Gonna save some money and get a Duralast with a lifetime warranty, and run my DEXCOOL through it.


----------



## GTO JUDGE (May 14, 2005)

Shake-N-Bake said:


> I wasn't aware of an issue "eating" aluminum but I do remember some noise about 10 years ago about problems with unprotected surfaces if the coolant level was too low. Also a possible issue with softened gaskets and plastics....maybe that is why we see so many and tank failures in these radiators?
> 
> Not sure what to do to be honest. Are you planning on a complete coolant change? Is so, then maybe traditional coolant will be okay?
> 
> Sent from my SM-G930V using Tapatalk


A lot of issues with damaged radiators on these cars was because of ignorance on the part of owners improperly maintaining them. Example: From factory, there was an additive installed in the radiator to help preserve the life of the radiator and leaks. Issue was it collected on the bottom of the tank and when removing the coolant dipstick to check coolant levels, this additive descried by many as "gunk" was gobbed on the end of the dip stick. Many panicked thinking the DEXCOOL was breaking down and destroying the radiator so radiators were flushed. Owners not knowing any different mixed standard antifreeze with the DEXCOOL and they themselves destroyed their radiators, or dumped their car and the new owner(s) were left with the ramifications of the previous owner's ignorance. 

Some flushed their radiators and replaced with DEXCOOL but didn't reinstall the proper additive like the factory used to help in longevity or to help with possible leaks. Now these cars are older and many 2-4 owners people are having issues with radiators. My 2005 was purchased new. Has 48K on the clock and I never flushed the radiator. My car doesn't suffer from things done to it that shouldn't have.

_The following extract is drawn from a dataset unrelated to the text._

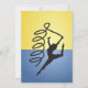 In der Gymnastik ist das Band auf dem Boden eine großartige Handlung. Dieses Design ist eine Gymnastikbodenroutine. Der Gymnast ist auf dem Boden in einem Sprung mit dem Band in einem schönen wirbelnden Muster. Diese Gymnastik Bändchen-Routine sieht auf diesen Einladungen großartig aus

I have not heard anything about DEXCOOL eating aluminum but I know the folks at Max Performance and they know their stuff. HOWEVER ............ the manual says use DEXCOOL only, there is a reason (internal part proper lubrication from the recommended fluid from factory) this is where folks screw up. Straight from the manual: 

*What to Use
Use a mixture of one-half clean, drinkable water and
one-half DEX-COOL® coolant which will not damage
aluminum parts. If this coolant mixture is used, nothing
else needs to be added.*


*CAUTION:*
Adding only plain water to your cooling
system can be dangerous. Plain water, or
some other liquid such as alcohol, can boil
before the proper coolant mixture will. Your
vehicle’s coolant warning system is set for the
proper coolant mixture. With plain water or the
wrong mixture, your engine could get too hot
but you would not get the overheat warning.
Your engine could catch fire and you or others
could be burned. Use a 50/50 mixture of clean,
drinkable water and DEX-COOL® coolant.

*Notice:* If you use an improper coolant mixture,
your engine could overheat and be badly damaged.
The repair cost would not be covered by your
warranty. Too much water in the mixture can freeze
and crack the engine, radiator, heater core and
other parts.

If coolant needs to be added more than four times a
year, have your dealer check the cooling system.
Notice: If you use the proper coolant, you do not
have to add extra inhibitors or additives which claim
to improve the system. These can be harmful.

I have been reading for 10 years now owners complaining about their cooling system, each time it's because they modified it. Many original owners I know who still have their 4th gen GTOs and did not monkey around with the cooling system have not had issues. IMO do not use anything else other than DEXCOOL.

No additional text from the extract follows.